Two wedding packages from the London Eye let couples look out over the city as they take their vows in one of the Eye’s glass capsules. The packages run for an hour (two rotations of the wheel), and can include everything from flowers inside the capsule and champagne served after the ceremony to the night either before or after the wedding at the nearby Marriott County Hall Hotel and two spa treatments (a mini-manicure, pedicure, facial, or back, neck and shoulder massage). For more information, e-mail [email protected].

Adare Manor was once a bona fide Irish castle. Today, it is a luxury destination resort in Limerick and a popular pick for destination weddings. While many people of Irish ancestry have “come home” for a wedding at Adare, we hear that Jewish and Hindu ceremonies also have been arranged. Two churches in the nearby village are available for Catholic and Protestant weddings. If your clients want to feel like royalty and get married at Westminster Abbey, tell them it’s possible...as long as they actually are royalty, or are members of the Order of the Bath,or live within the Abbey’s precincts.

Gluck says that she warns all her wedding couples not to drive themselves to a destination in Europe. “They need to rely on transfer services or driver guides to get them where they need to go without any stress—a wedding is too important a time in your life to try to penny-pinch; this is the one time to be extravagant.”

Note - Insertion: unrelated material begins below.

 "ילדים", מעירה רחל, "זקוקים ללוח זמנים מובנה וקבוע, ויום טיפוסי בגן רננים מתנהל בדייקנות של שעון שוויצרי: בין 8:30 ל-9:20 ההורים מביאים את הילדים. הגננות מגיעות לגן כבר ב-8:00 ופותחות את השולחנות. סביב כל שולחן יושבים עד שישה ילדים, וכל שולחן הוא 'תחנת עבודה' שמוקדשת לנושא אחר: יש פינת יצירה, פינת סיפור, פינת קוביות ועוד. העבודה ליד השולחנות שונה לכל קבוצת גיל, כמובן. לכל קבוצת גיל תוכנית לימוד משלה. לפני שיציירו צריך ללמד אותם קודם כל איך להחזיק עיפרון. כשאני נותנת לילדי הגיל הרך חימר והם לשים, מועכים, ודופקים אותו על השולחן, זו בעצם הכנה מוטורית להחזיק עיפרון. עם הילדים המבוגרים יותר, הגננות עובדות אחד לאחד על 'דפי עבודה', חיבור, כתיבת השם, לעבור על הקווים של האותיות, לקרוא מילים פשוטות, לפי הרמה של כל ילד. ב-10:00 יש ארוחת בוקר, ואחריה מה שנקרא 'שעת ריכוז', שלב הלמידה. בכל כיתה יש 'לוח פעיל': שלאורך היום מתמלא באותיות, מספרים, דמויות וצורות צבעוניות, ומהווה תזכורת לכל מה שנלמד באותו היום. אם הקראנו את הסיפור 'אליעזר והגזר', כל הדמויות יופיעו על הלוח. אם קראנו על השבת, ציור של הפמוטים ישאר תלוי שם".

Sandra Aaron, owner of Mindless Sophistication Events, recommends partnering with a local wedding planner when sending clients abroad. “I do that sometimes,” she says, “but I find that since all couples are different, unless I chose to specialize on one or two select geographical areas, it’s really hard to know someone locally who provides the level of service and expertise my clients need.”

To counteract that, she uses Destination Management Companies (DMC) and works with a Virtuoso member travel agency. This gives her clients access to Virtuoso’s network of on-sites, which are available in most countries.

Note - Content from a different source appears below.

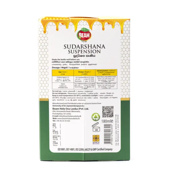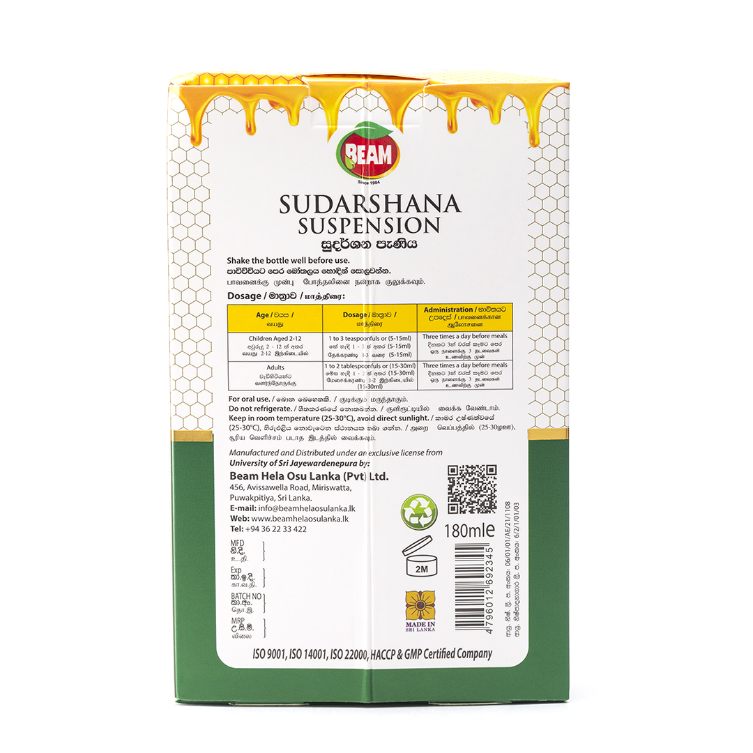 This is an immune booster against viruses and bacteria related diseases. Significant antipyretic, acute and chronic anti-inflammatory, anti-rheumatic, antihistamine, antioxidant and anti-nociceptive (analgesic) properties. Sudarshana Suspension is indicated for the symptomatic treatment of viral fever, cough and cold, sore throat, runny nose, phlegm, allergic rhinitis, bronchitis, inflammatory arthritis, pain and allergic skin conditions. It provides potent antioxidant protection and is hepato-protective.

“If a client has a special request that seems impossible, a Virtuoso On-Site usually knows someone who can make it happen,” she says.

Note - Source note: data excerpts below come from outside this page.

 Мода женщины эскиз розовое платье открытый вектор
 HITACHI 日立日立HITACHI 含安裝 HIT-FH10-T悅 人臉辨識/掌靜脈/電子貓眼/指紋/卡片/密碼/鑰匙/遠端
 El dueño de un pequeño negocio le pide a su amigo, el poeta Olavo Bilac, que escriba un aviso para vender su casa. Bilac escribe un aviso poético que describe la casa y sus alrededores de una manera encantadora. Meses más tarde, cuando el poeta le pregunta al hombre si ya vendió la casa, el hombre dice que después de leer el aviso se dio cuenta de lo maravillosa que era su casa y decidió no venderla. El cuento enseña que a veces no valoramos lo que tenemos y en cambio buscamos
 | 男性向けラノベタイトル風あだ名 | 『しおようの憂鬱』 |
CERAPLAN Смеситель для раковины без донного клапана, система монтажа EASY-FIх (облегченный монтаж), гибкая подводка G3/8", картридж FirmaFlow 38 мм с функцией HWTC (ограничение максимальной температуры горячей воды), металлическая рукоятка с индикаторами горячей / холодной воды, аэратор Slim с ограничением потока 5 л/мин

Aaron’s first destination wedding was for a couple who wanted to get married in Paris. The bride was French and had a home there, and they met all the other legal requirements for weddings in France. “What made this couple unique was the groom really wanted to spend his wedding night in Marie Antoinette’s bedroom at the Palace of Versailles,” she recalls. “It’s for this reason the Palace of  Versailles was their first-choice wedding venue.”

While a wedding there is not a problem, staying overnight is a completely different issue. It’s one of the few special requests Aaron hasn’t pulled off. 

“At the time I didn’t know about Virtuoso. I didn’t know if this is the type of request their on-sites in Paris could have arranged. But, their connections are such that they had a better chance of granting this wish than I did,” she says.

Another wedding that Aaron assisted with was in Italy. “It was a Jewish couple who loved the romance of getting married in Italy. They also wanted a very traditional ceremony that would celebrate the cultural history of the Jewish community in Italy. The wedding took place at one of the historic synagogues in the old Jewish quarter of Venice. All the synagogues in that area are Orthodox, so we needed to have an Orthodox Rabbi in the couples’ home country write a letter asking permission to use the synagogue and stating that both the bride and groom were Jewish under Jewish law. To date, it has been one of my favorite weddings.”

Erika Unbehaun of FlutterFly Events, a London-based wedding planner, says that traditional weddings are still the most popular. Most of her clients choose to get married in London’s historic buildings or grand banqueting halls.

One American couple had a Central London wedding at St. Luke’s Cathedral in Chelsea behind the posh streets of Kings Roads, followed by two red double-decker buses taking guests off to a venue next to Westminster Abbey

Another couple posed the challenge of combining cultures: the groom was Canadian while the bride was Sri Lankan. They married at the Royal College of Greenwich (where the third Pirates of the Caribbean movie was recently filmed). And a Chinese couple will be getting married in June at the childhood home of Henry VIII.